Function Vector Heads: Complementary Mechanisms

The authors contrast concept induction heads with function vector (FV) heads [todd2024function], which encode task logic (e.g., output language for translation). Although weak correlations are observed between concept copying and FV scores, patching FV heads switches output language without leaking semantics, reinforcing functional orthogonality. Ablation of FV heads impairs non-verbatim tasks, underscoring their necessity for task execution.

Theoretical and Practical Implications

The dual-route model provides a granular mechanistic lens for understanding the emergence and separation of literal and semantic copying in transformer LLMs. Concept induction heads enable LLMs to perform semantic tasks such as translation and paraphrasing, while token induction heads facilitate verbatim copying and pattern matching. The independence and complementarity of these circuits suggests that in-context learning arises from parallel, specialized attention mechanisms, not a uniform process.
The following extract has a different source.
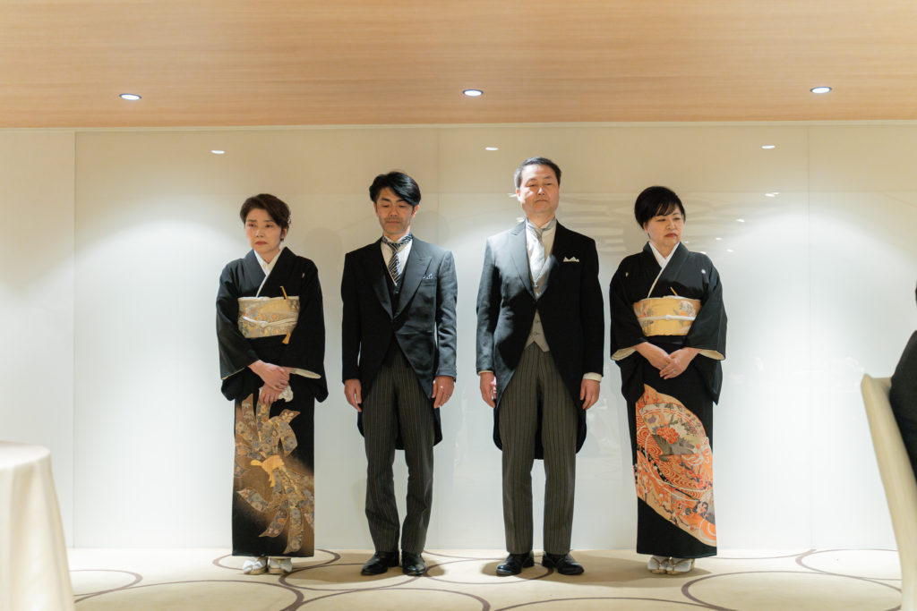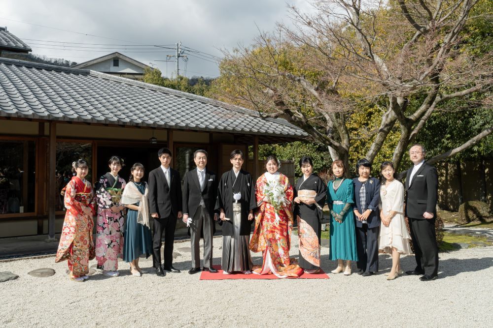 お二人は和装姿で、ご家族の皆様と集合写真を撮影♪

This framework offers actionable avenues for interpretability—selective ablation can steer generative behavior (e.g., paraphrase-vs-copy control), and activation patching enables language-agnostic conceptual transfer. Furthermore, the model predicts that scaling and training dynamics may shape the development and separation of token and concept heads, with implications for multilingual, low-resource, and domain-adaptive LLMs.

Conclusion

By combining causal patching, attention analysis, and ablation, the Dual-Route Model of Induction (2504.03022) establishes that LLMs possess distinct token and concept induction heads, functioning in parallel to enable verbatim and semantic copying. Concept induction heads encode language-agnostic word representations and mediate tasks requiring abstract meaning transfer, exhibiting strong empirical separation from literal token copiers. The findings enrich our mechanistic understanding of LLMs’ internal structures and their ability to learn and manipulate lexical information, offering robust frameworks for future interpretability and controllability research.